Once Upon a Time in Gaza / Однажды в Газе

Рецензия на «Однажды в Газе»: альтруистичный, но сумбурный палестинский криминальный фарс

Раздвоенная комедия Нассеров вызывает смех, но не может объединить свои политические элементы в осмысленное целое.

Фильм «Однажды в Газе», снятый дуэтом Тарзана и Араба Нассера, рассказывает о сотрудничестве иного рода: о небольшой наркотической схеме, придуманной робким студентом Яхьей (Надер Абд Альхай) и крепким владельцем ресторана Усамой (Маджд Эйд). 
Несмотря на то, что действие происходит в 2007 году, эта благонамеренная, ироничная драма склонна связывать свою обстановку с современным политическим духом времени, который она громко и открыто озвучивает. 
Однако её саморефлексивная, раздвоенная история — о том, как использовать кинематографические образы для создания революции, — по иронии судьбы оказывается вялой.

В первой половине фильма, снятого с тщательным вниманием к композиции, Усама, мозговой центр операции, отправляет Яхью за обезболивающими по поддельным рецептам, которые они планируют продать, спрятав их в сэндвичах с фалафелем из закусочной Усамы. 
По мере развития сюжета его поддерживает лёгкое и забавное напряжение, возникающее из-за разногласий дуэта, которые Нассеры доводят до абсурда, а также из-за коррумпированного полицейского, который ходит у них по пятам, Абу Сами (Рамзи Макдиси). 
В то же время заголовки в газетах и репортажи по телевидению говорят о растущей напряжённости, поскольку Израиль недавно объявил Газу «враждебной территорией» и планирует буквально отгородить её стеной.

Нависающее присутствие этого политического призрака редко связано с происходящей неразберихой, за исключением незначительного эпизода, в котором израильские власти не позволяют Яхье поехать на Западный берег, чтобы увидеться с матерью. С одной стороны, невозможно рассказать историю современной Газы, не упомянув о меняющихся параметрах её существования. С другой стороны, это редко влияет на ход событий в фильме. Моральная дилемма, с которой сталкивается Усама, когда Абу Сами предлагает ему свободу в обмен на порез, внезапно прерывается каждым новым знакомством с окружающим миром, вместо того чтобы переплетаться с ним.

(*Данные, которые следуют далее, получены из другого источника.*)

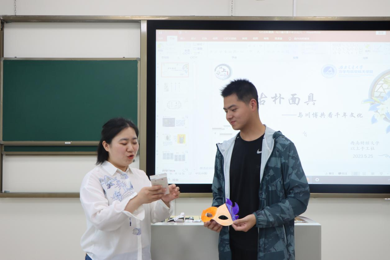 西南财经大学“以上手工社”社长杨文慧向大家介绍了古朴面具的文化背景。商周时期面具迎来第一个高潮,发展到宋元时代宫廷傩戏和民间傩戏流行,面具制作迎来第三个高峰。杨文慧为大家展示面具制作的过程,准备面具和超轻黏土,黏土造型,糊纸塑型,最后上色,一个古朴面具便呈现在大家面前。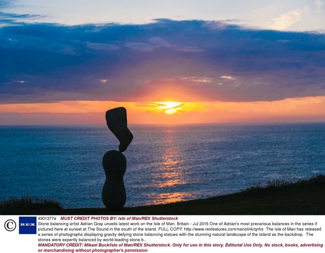 石头平衡艺术家Adrian Grey在2015年7月剪彩公开了他在英国马恩岛最新作品,来自各种自然环境中的灵感,结合了小岛上叹为观止的自然景观,寻找完美的岩石和位置来平衡着、实体化着自己的无敌脑洞。
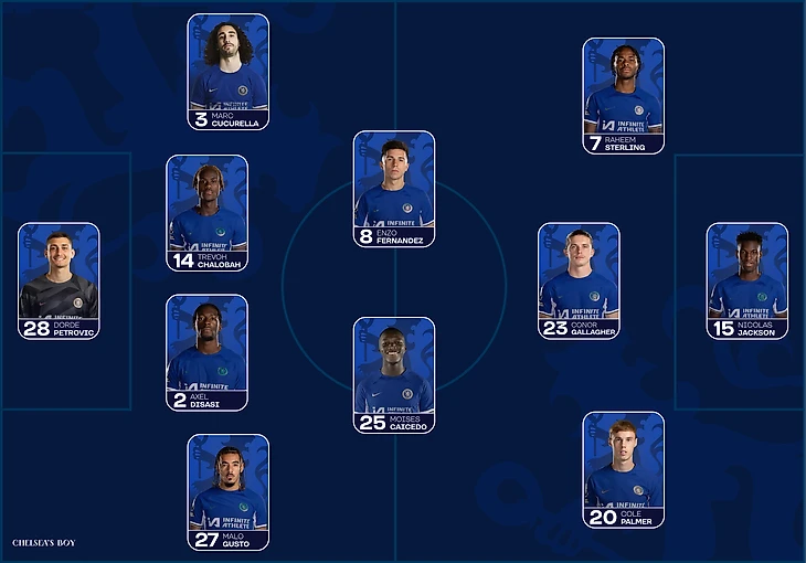 В целом, состав мало чем отличается от прошлой встречи, но я долго думал кого ставить на левый край атаки - Мудрик заметно прибавил, но и Стерлинг отдал голевую на Палмера, да и опыта в таких матчах у Рахима больше. Все-таки остановлюсь на англичанине, но не исключаю выход Миши во втором тайме.

Конечно, в фильме есть небольшая доля фарса, которая даёт ему возможность для побега. Он начинается с недавних аудиозаписей, на которых президент США Дональд Трамп заявляет, что хочет превратить Газу в частную Ривьеру, а также с недавних видеозаписей, на которых здания в Газе сносят до основания. Таким образом, даже не связанные с политикой события в фильме оказываются во власти этого опасного будущего, поддерживаемого западными державами. Однако ни одна из новостей не кажется по-настоящему предвестником чего-то, учитывая их стремительный и отстранённый характер, граничащий с иронией.

В фильме также присутствует более масштабный фарс, хотя до его раскрытия проходит некоторое время. В начале фильма показаны кадры малобюджетной постановки под названием «Мятежник», заявленной как первый боевик, снятый в Газе. Поначалу это выглядит как шутка, но во второй половине фильма всё переворачивается с ног на голову, и почти всё действие разворачивается вокруг съёмок этого фильма — о героическом вооружённом сопротивлении, — в которые Яхья оказывается вовлечён по чистой случайности.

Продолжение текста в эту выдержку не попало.